A message is returned when a column named "group" already exists in the input DT, because it will be overwritten.

See Also

build_lines group_times

Other Spatial grouping: group_polys(), group_pts()

Examples

# Load data.table
library(data.table)


# Read example data
DT <- fread(system.file("extdata", "DT.csv", package = "spatsoc"))

# Subset only individuals A, B, and C
DT <- DT[ID %in% c('A', 'B', 'C')]

# Cast the character column to POSIXct
DT[, datetime := as.POSIXct(datetime, tz = 'UTC')]

# EPSG code for example data
utm <- 32736

group_lines(DT, threshold = 50, projection = utm, sortBy = 'datetime',
            id = 'ID', coords = c('X', 'Y'))

## Daily movement tracks
# Temporal grouping
group_times(DT, datetime = 'datetime', threshold = '1 day')

# Subset only first 50 days
DT <- DT[timegroup < 25]

# Spatial grouping
group_lines(DT, threshold = 50, projection = utm,
            id = 'ID', coords = c('X', 'Y'),
            timegroup = 'timegroup', sortBy = 'datetime')

## Daily movement tracks by population
group_lines(DT, threshold = 50, projection = utm,
            id = 'ID', coords = c('X', 'Y'),
            timegroup = 'timegroup', sortBy = 'datetime',
            splitBy = 'population')

Group Polygons

Description

group_polys groups rows into spatial groups by overlapping polygons (home ranges). The function expects a data.table with relocation data, individual identifiers and an area argument. The relocation data is transformed into home range POLYGONs using build_polys() with adehabitatHR::mcp or adehabitatHR::kernelUD. If the area argument is FALSE, group_polys returns grouping calculated by spatial overlap. If the area argument is TRUE, group_polys returns the area area and proportion of overlap. Relocation data should be in two columns representing the X and Y coordinates.

Usage

group_polys(
  DT = NULL,
  area = NULL,
  hrType = NULL,
  hrParams = NULL,
  projection = NULL,
  id = NULL,
  coords = NULL,
  splitBy = NULL,
  sfPolys = NULL
)

Arguments

DT

input data.table

area

boolean indicating either overlap group (when FALSE) or area and proportion of overlap (when TRUE)

hrType

type of HR estimation, either 'mcp' or 'kernel'

hrParams

a named list of parameters for adehabitatHR functions

projection

numeric or character defining the coordinate reference system to be passed to sf::st_crs. For example, either projection = "EPSG:32736" or projection = 32736.

id

character string of ID column name

coords

character vector of X coordinate and Y coordinate column names. Note: the order is assumed X followed by Y column names.

splitBy

(optional) character string or vector of grouping column name(s) upon which the grouping will be calculated

sfPolys

Alternatively, provide solely a simple features object with POLYGONs or MULTIPOLYGONs. If sfPolys are provided, id is required and splitBy cannot be used.

Details

R-spatial evolution

Please note, spatsoc has followed updates from R spatial, GDAL and PROJ for handling projections, see more below and details at https://r-spatial.org/r/2020/03/17/wkt.html.

In addition, group_polys previously used rgeos::gIntersection, rgeos::gIntersects and rgeos::gArea but has been updated to use sf::st_intersects, sf::st_intersection and sf::st_area according to the R-spatial evolution, see more at https://r-spatial.org/r/2022/04/12/evolution.html.

Notes on arguments

The DT must be a data.table. If your data is a data.frame, you can convert it by reference using data.table::setDT().

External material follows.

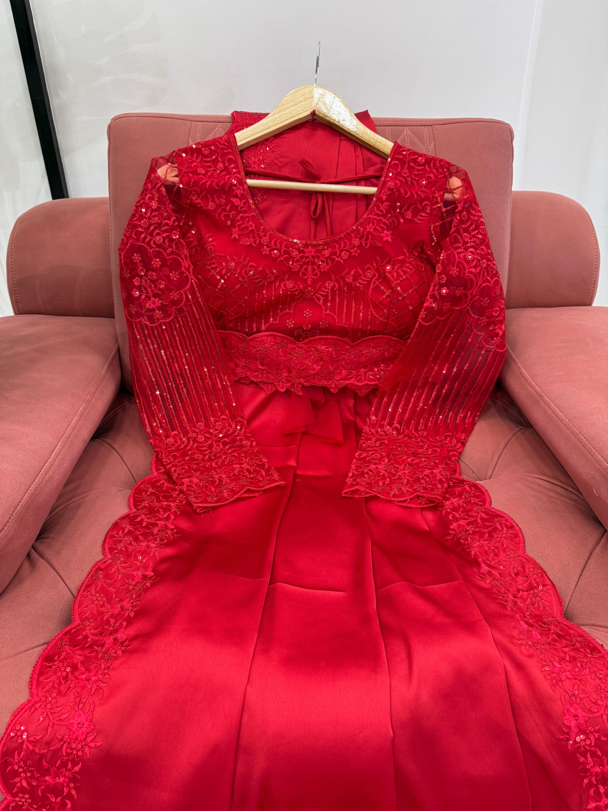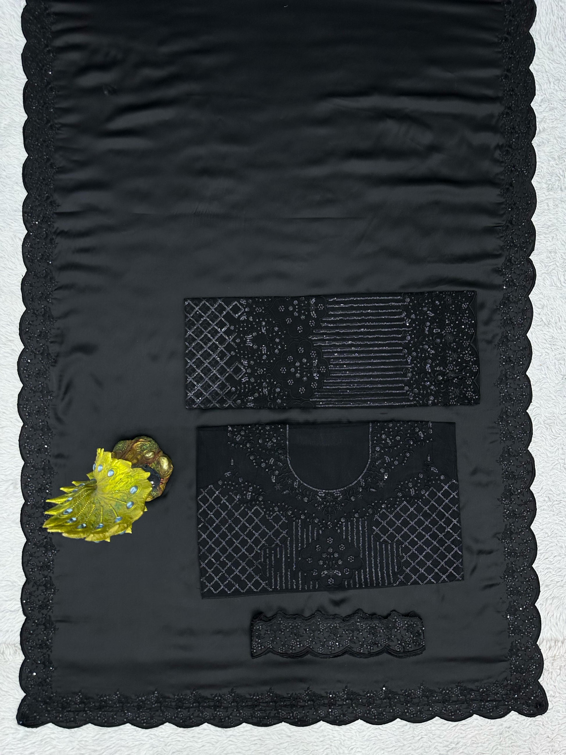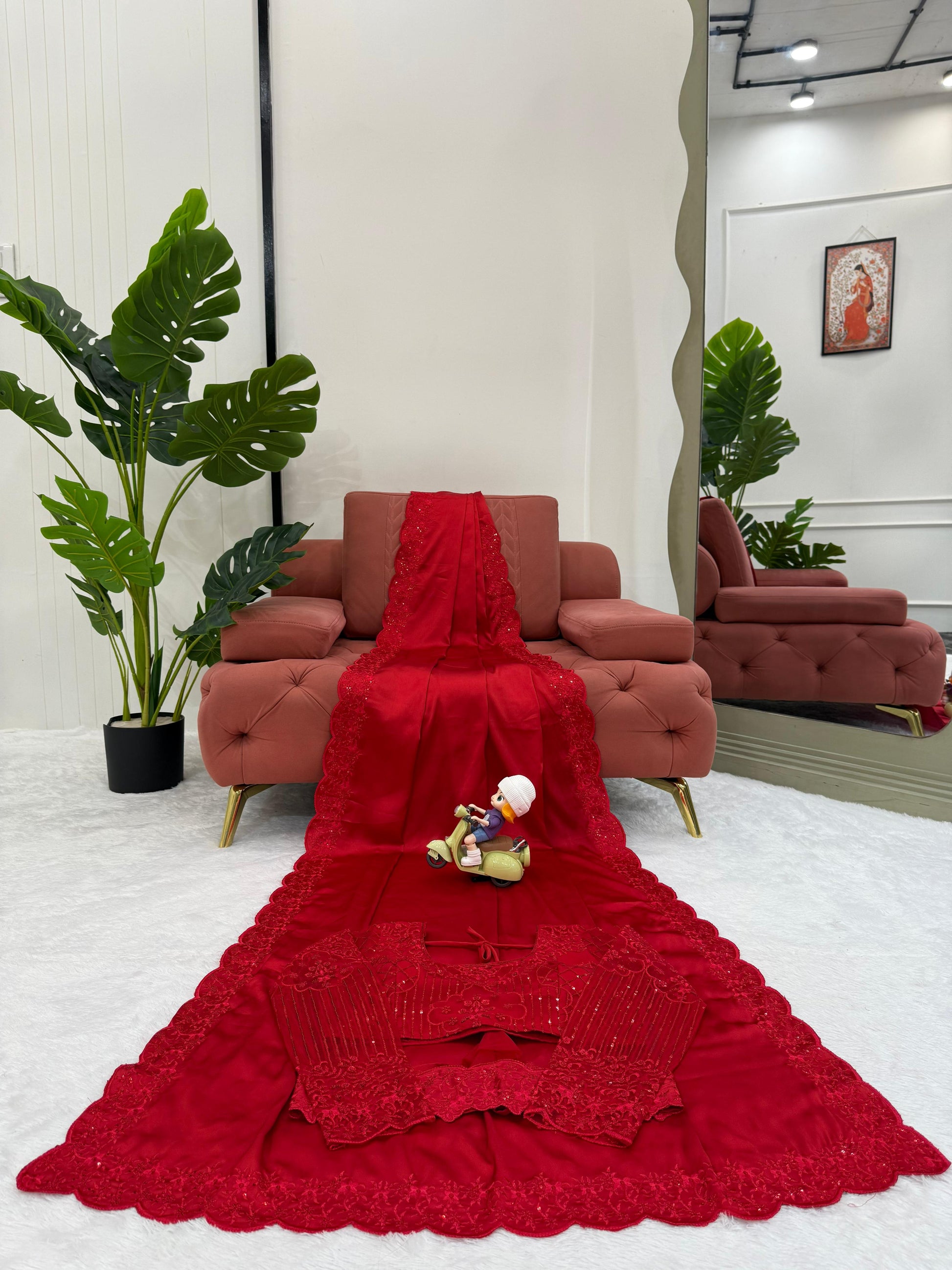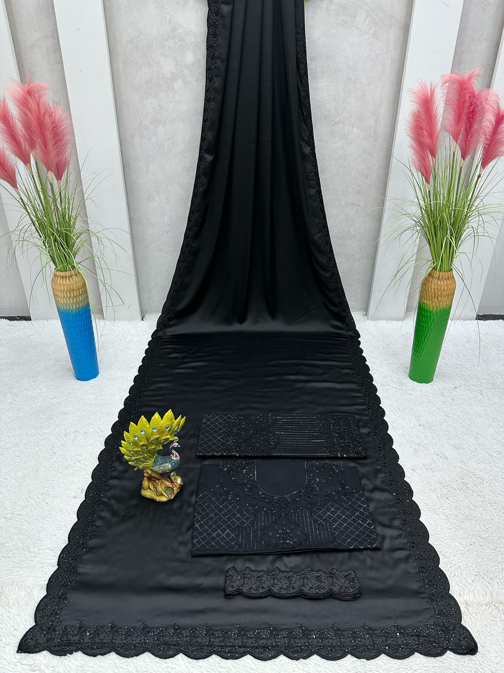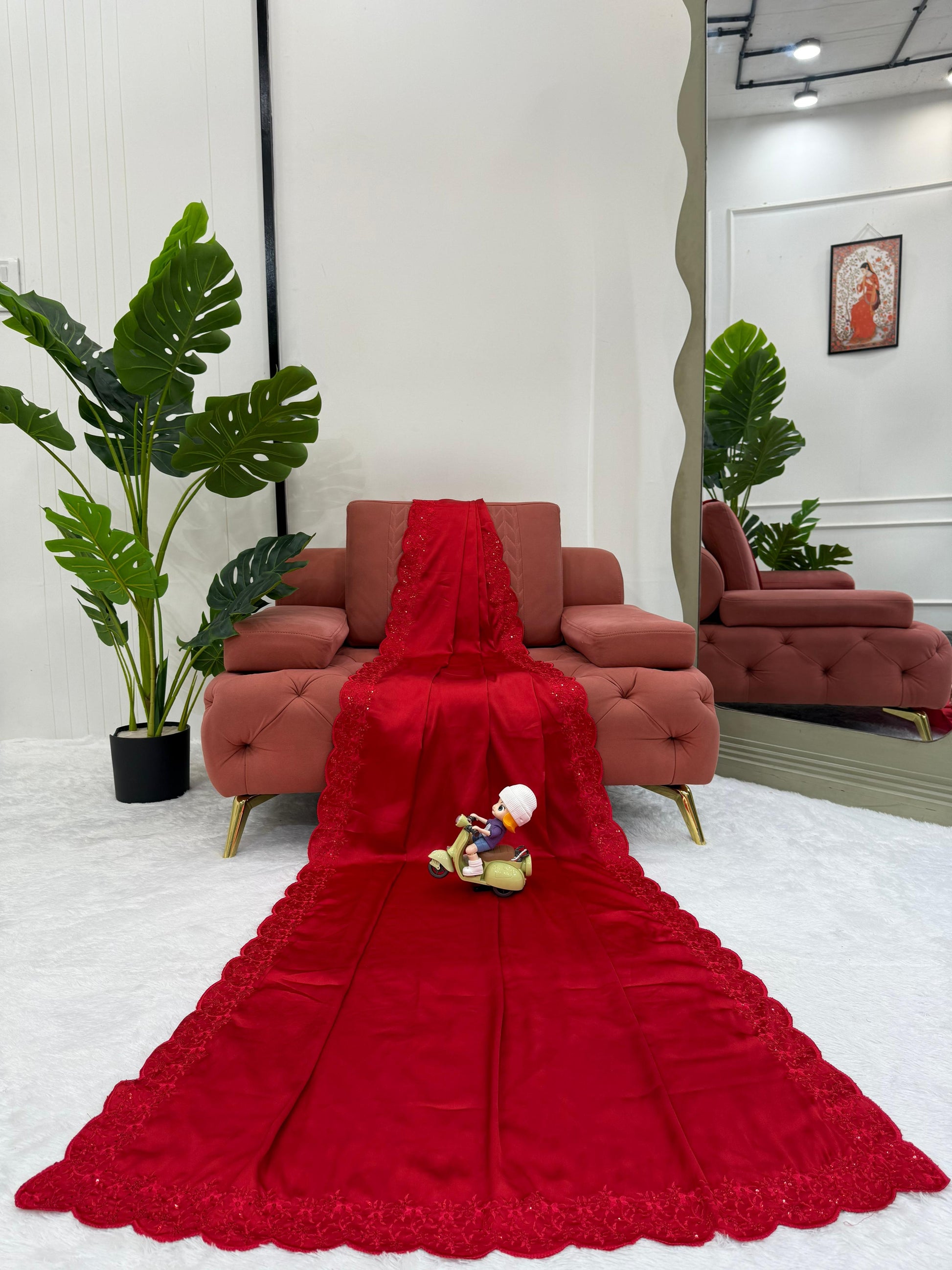Looking some one for this same colour beautiful Designer Saree on Satin Silk Febric with Thred & Sequnce work Blouse on Soft net Febric with Thred with Sequnce work and Belt on also Satin silk febric

The id, coords (and optional splitBy) arguments expect the names of respective columns in DT which correspond to the individual identifier, X and Y coordinates, and additional grouping columns.

The projection argument expects a character string or numeric defining the coordinate reference system to be passed to sf::st_crs. For example, for UTM zone 36S (EPSG 32736), the projection argument is projection = "EPSG:32736" or projection = 32736. See https://spatialreference.org for a list of EPSG codes.

The hrType must be either one of "kernel" or "mcp". The hrParams must be a named list of arguments matching those of adehabitatHR::kernelUD() or adehabitatHR::mcp().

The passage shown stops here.